2. $ a \lt 0$ and $x+\frac{b}{a} \geq 0$

3. $ a \gt 0$ and $x+\frac{b}{a} \lt 0$

4. $ a \gt 0$ and $x+\frac{b}{a} \geq 0$

Case 1: the conditions imply that $x=\frac{-b+\sqrt{b^2-4ac}}{2a}$

Case 2: the conditions imply that $x=\frac{-b-\sqrt{b^2-4ac}}{2a}$

Case 3: the conditions imply that $x=\frac{-b-\sqrt{b^2-4ac}}{2a}$

Case 4: the conditions imply that $x=\frac{-b+\sqrt{b^2-4ac}}{2a}$

From the four scenarios, is the way we get to "$x=\frac{-b \pm \sqrt{b^2-4ac}}{2a}$" simply by noting that for a fixed $a$, we have $x=\frac{-b+\sqrt{b^2-4ac}}{2a} \text{ or } x=\frac{-b-\sqrt{b^2-4ac}}{2a}$? ...where the '$\text{ or }$' here is denoting the logical or.

At this point, we define "$x=\pm \alpha$" as meaning $x = \alpha \text { or } x=-\alpha$...therefore meaning that $x=\beta\pm \alpha$ is equivalent to $x=\beta+\alpha \text{ or } x=\beta - \alpha$.

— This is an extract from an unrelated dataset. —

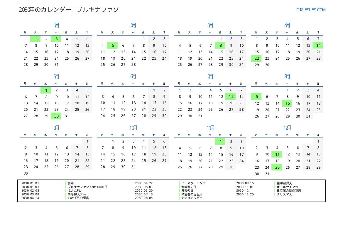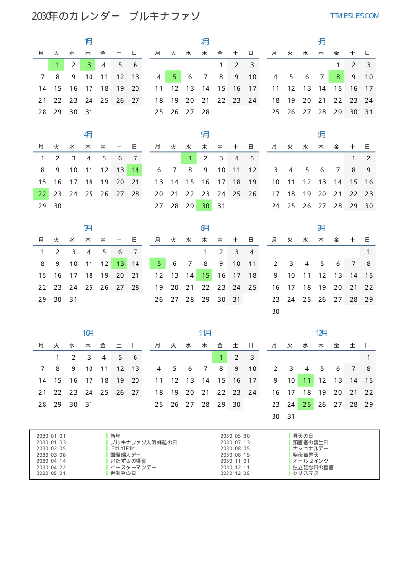 ブルキナファソ2030年の休日と週末を含むPDFカレンダーをダウンロードして印刷します

Is that the proper understanding?

Answer 1

Your analysis is spot on, up until the point where you concluded that

$$\left(x + \frac{b}{2a}\right)^2 = \frac{b^2 - 4ac}{4a^2}. \tag1 $$

I didn't bother reading after that, because there is no point. All that is necessary from the point of (1) above is to consider that any equation of the form

$$[f(x)]^2 = C$$

may be dissected as follows:

• If $C < 0$ then there can't be any real roots. So, without loss of generality (assuming that you are only concerned with real roots), assume that $C \geq 0.$

• Then, you must have that $f(x) = \pm \sqrt{C}$.
  Bang, that makes it: game over right there.
  So, no further analysis is needed.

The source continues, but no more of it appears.